> [WHAT IS BEING ASKED] Extract, word for word, each line from the line holding "Blauwe zitzak gemaakt" through the end of the records. Omit every picture.

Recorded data
=-=-=

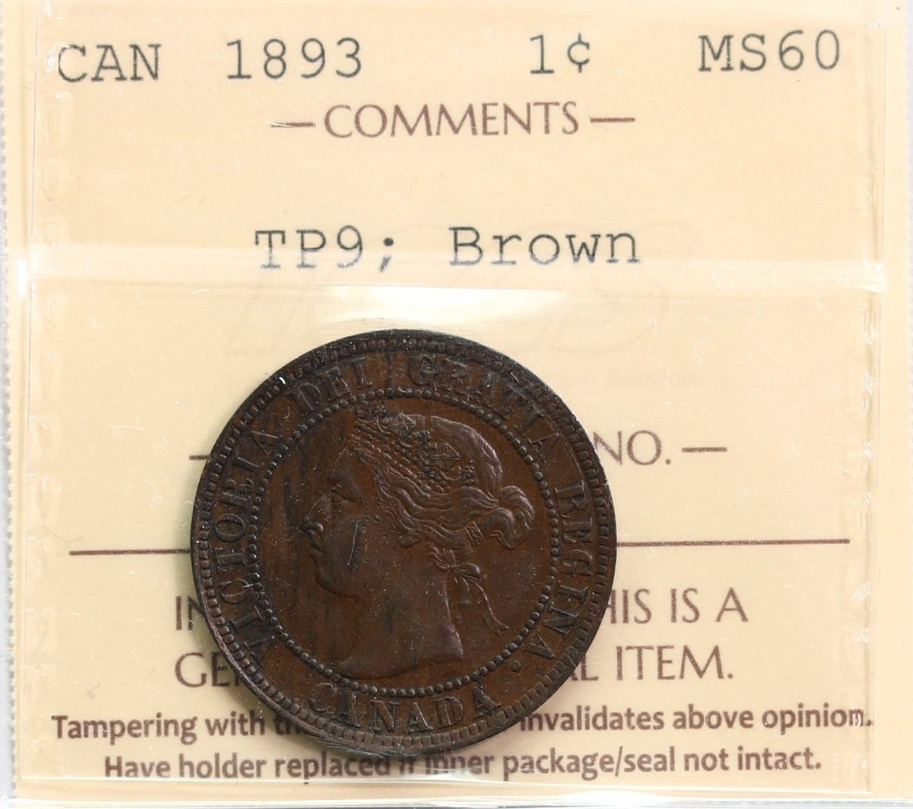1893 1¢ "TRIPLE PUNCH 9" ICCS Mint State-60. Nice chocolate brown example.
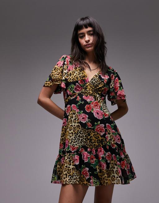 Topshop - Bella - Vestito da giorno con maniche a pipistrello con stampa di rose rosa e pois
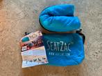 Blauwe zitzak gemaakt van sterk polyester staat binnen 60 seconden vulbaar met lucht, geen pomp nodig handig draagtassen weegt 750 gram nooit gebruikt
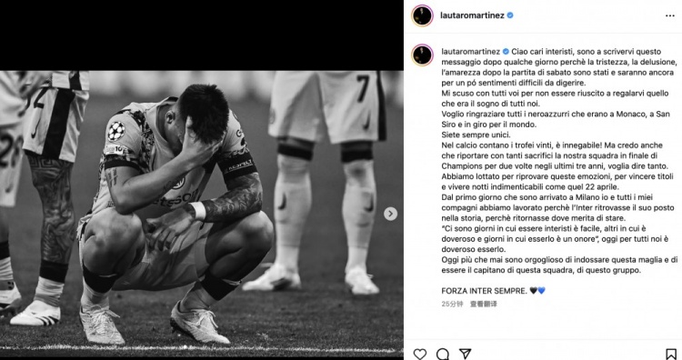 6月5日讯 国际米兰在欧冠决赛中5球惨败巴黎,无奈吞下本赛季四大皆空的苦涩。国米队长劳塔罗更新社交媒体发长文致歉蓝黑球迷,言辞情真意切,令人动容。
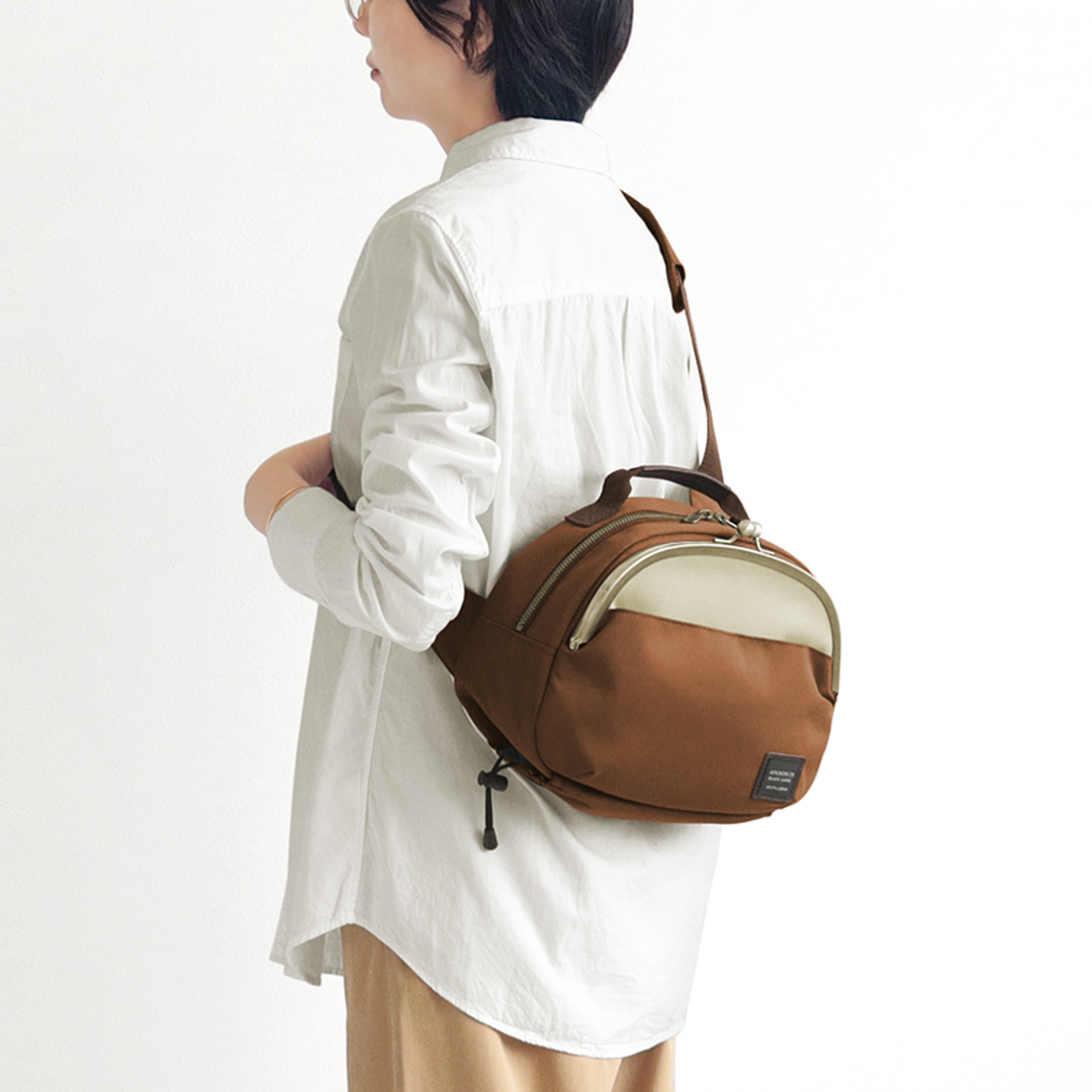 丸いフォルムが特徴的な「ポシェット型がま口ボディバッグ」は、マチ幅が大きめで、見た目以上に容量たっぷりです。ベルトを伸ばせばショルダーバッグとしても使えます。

=-=-=

> [ANSWER]
 Blauwe zitzak gemaakt van sterk polyester staat binnen 60 seconden vulbaar met lucht, geen pomp nodig handig draagtassen weegt 750 gram nooit gebruikt
 6月5日讯 国际米兰在欧冠决赛中5球惨败巴黎,无奈吞下本赛季四大皆空的苦涩。国米队长劳塔罗更新社交媒体发长文致歉蓝黑球迷,言辞情真意切,令人动容。
 丸いフォルムが特徴的な「ポシェット型がま口ボディバッグ」は、マチ幅が大きめで、見た目以上に容量たっぷりです。ベルトを伸ばせばショルダーバッグとしても使えます。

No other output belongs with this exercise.